Exercise description => Only one stretch of the listing below is wanted. Give it again exactly, from the line with "Three bedroom one" through the line with "- Рамешбабу Вайшалі".
(Data under study)
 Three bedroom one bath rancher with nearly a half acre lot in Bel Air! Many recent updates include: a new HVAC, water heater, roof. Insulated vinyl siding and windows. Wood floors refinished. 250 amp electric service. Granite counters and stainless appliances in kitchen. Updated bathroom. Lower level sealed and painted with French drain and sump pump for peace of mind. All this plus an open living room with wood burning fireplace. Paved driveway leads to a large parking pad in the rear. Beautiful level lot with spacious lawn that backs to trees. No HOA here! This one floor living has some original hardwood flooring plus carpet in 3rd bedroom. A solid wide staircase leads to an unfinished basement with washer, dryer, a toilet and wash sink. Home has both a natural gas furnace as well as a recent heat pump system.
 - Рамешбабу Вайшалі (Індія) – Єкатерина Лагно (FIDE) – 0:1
(End Data under study)
(Data under study)
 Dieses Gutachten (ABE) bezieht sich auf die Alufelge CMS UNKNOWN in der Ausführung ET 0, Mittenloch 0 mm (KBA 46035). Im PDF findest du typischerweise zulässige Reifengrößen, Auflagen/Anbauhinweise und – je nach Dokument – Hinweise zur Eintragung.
(End Data under study)
Result =>
 Three bedroom one bath rancher with nearly a half acre lot in Bel Air! Many recent updates include: a new HVAC, water heater, roof. Insulated vinyl siding and windows. Wood floors refinished. 250 amp electric service. Granite counters and stainless appliances in kitchen. Updated bathroom. Lower level sealed and painted with French drain and sump pump for peace of mind. All this plus an open living room with wood burning fireplace. Paved driveway leads to a large parking pad in the rear. Beautiful level lot with spacious lawn that backs to trees. No HOA here! This one floor living has some original hardwood flooring plus carpet in 3rd bedroom. A solid wide staircase leads to an unfinished basement with washer, dryer, a toilet and wash sink. Home has both a natural gas furnace as well as a recent heat pump system.
 - Рамешбабу Вайшалі (Індія) – Єкатерина Лагно (FIDE) – 0:1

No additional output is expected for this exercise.